Единственный человек — Дунбей, который мог бы разрешить все его сомнения, но он был при смерти и не мог произнести ни слова.
Киссовен пробыл два часа подряд у постели Дунбея.
Напрасно.
Состояние Дунбей не изменялось.
Киссовен находился еще около Дунбея, когда в больницу прибыл Мак-Кертик.
На лице американца было написано волнение. Он внимательно расспрашивал врача о состоянии Дунбея и выразил сожаление, что Дунбей не сможет уехать с ним вместе в Америку.
Мак-Кертик видел Эди у постели больного. Но у него не нашлось ни одного слова для убитой горем дочери.
— Мистер Киссовен, мне уже удалось сегодня окончить очистку последней партии теллита, поэтому я через полтора часа выезжаю на неделю в Америку, — обратился он к Киссовену. — Нам необходимо сейчас же пройти в лабораторию и закончить сдачу и прием теллита.
Киссовену стоило огромных усилий подавить свое волнение. Он молча поклонился.
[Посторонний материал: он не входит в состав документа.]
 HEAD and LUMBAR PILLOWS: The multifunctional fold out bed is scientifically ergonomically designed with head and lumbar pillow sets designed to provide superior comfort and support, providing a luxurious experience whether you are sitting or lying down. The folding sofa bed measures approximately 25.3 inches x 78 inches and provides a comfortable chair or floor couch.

Только сейчас он понял, что благодаря потерянному времени, проведенному около Дунбея, и тому, что Мак-Кертик ускорил производство на день, он лишен возможности снестись с ЦИК по поводу применения декрета о революционной целесообразности для задержки теллита.
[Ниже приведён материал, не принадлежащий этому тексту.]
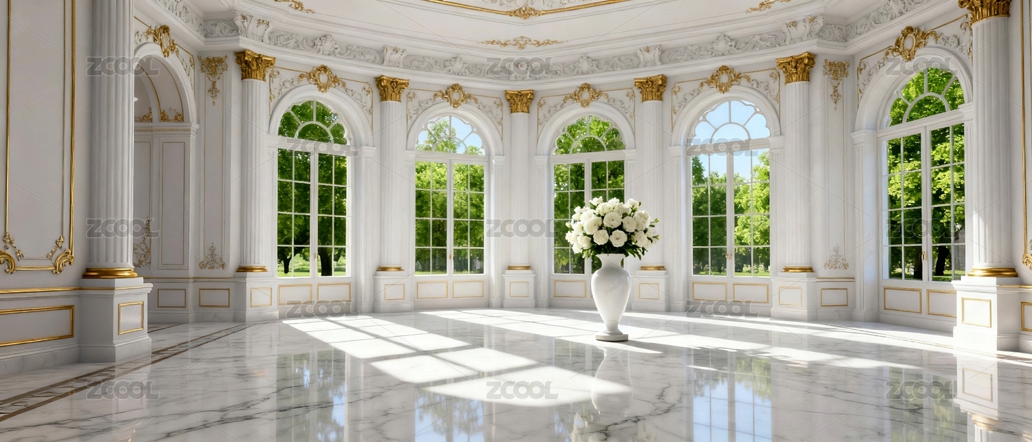 别墅窗边盛开着浪漫唯美的玫瑰花背景墙

Эди, подавленная горем, оторвала на минуту взгляд от Дунбея и повернулась к Мак-Кертику.
— Папа!.. — прошептала она еле слышно.
Мак-Кертик не произнес ни слова в ответ. Он только вторично обратился к Киссовену:
— Прошу вас, мистер, — и вышел.
Киссовен вынужден был последовать за ним.
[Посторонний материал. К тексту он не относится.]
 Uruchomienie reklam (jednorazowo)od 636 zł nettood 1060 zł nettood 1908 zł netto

У больного остались только Эди и Клава.
Соколов и Киссовен вернулись на минуту и, уговорившись с врачом, что каждое слово, произнесенное Дунбеем хотя бы в бессознательном состоянии, будет записано, снова ушли.
Через сорок минут, в одиннадцать часов дня, Мак-Кертик выехал из Адагаде.
Тридцать грамм теллита очутились за границами Евразии.
Мак-Кертик во время процедуры приема теллита дважды посылал Кингуэлла в больницу справляться о состоянии здоровья Дунбея.